La obra de Girard parte del campo de la historia, pero se mueve siempre de forma transversal
entre la antropología, la filosofía y la literatura. Parte de una noción central: la de “mímesis” o
imitación, que él toma directamente de Platón y Aristóteles para reconducirla en la elaboración de una concepción del hombre que encuentra refrendada tanto en la literatura como en la historia (la pasada y la presente). El hombre es fundamentalmente deseo, pero no deseo de un objeto por su utilidad o función, sino deseo del objeto que posee el otro. La relación es pues entre tres elementos: yo, el otro y el objeto.
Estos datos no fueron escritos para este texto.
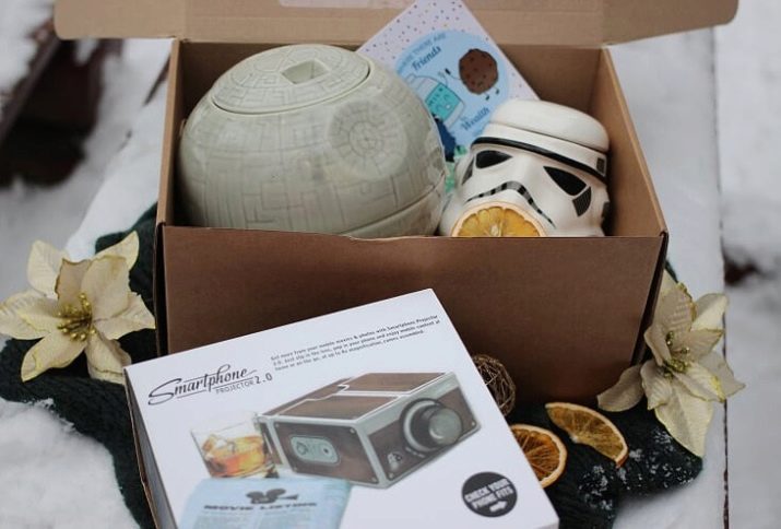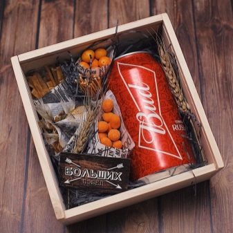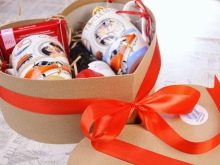 Each man will definitely appreciate the box, in which there will be not only a can of beer, but also a variety of snacks, nuts and chips. And for a movie connoisseur, you can fill the box with the following: popcorn, a can of your favorite drink, chips and a disc with a selection of your favorite films. A lover of a healthy lifestyle will definitely appreciate boxing, in which there will be a sports bottle, an expander, a personalized T-shirt, fitness bars and so on.
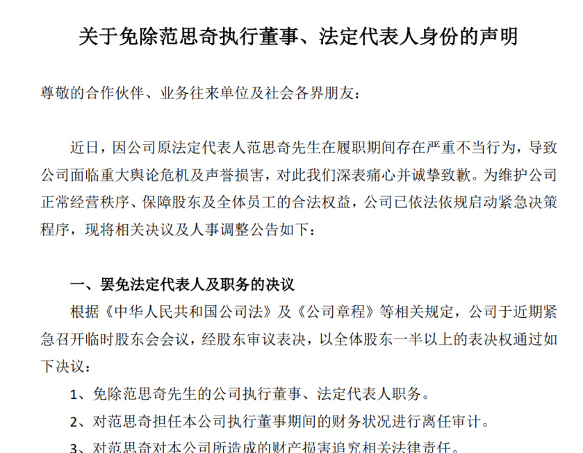 《声明》强调,公司已于今年6月通过律师函形式,正式要求相关人员归还印章,并于6月底向公安机关重新备案法人印章。目前,公司印章由法人范思奇依法管理,任何他人持有并使用的所谓“公司印章”,均属伪造或非法占有,其行为及所形成文书,公司一律不予承认,亦不承担任何法律后果。

De ahí la rivalidad que lleva al antagonismo y, finalmente, a la violencia. Vivimos, creía Girard, en una sociedad violenta, hija de un acto de violencia en un inocente (chivo expiatorio), acto que posteriormente se mitifica como forma de superación de la propia culpa. No es casual que esa concepción del deseo más allá del propio objeto sea utilizada por Girard a partir de la segunda mitad de los sesenta. Son los años en los que aparece también la crítica a la sociedad de consumo, una crítica que él comparte. El consumismo, sostuvo Girard, nos degrada, exacerba nuestros deseos hasta sumirnos en la miseria moral. Quien mejor se dio cuenta de ello fue la publicidad, que estimuló los deseos de los individuos más allá de la necesidad del producto. La violencia tiene una función unificadora de la sociedad. En momentos de crisis, el conjunto es capaz de encontrar elementos a los que acusar del mal. Es el chivo expiatorio, perfectamente reseñado en los libros bíblicos. Cristo mismo es una víctima. Pero es también, en la visión de Girard, el mecanismo que posibilita la superación de esa culpa, hasta el punto en que propone que imitar a Cristo consiste en evitar ser imitado. Cristo es, sostenía, la víctima inocente, de modo que hace evidente que el mal no se halla en la víctima sino en la sociedad. La verdad está de parte de la víctima, no en el acto del sacrificio.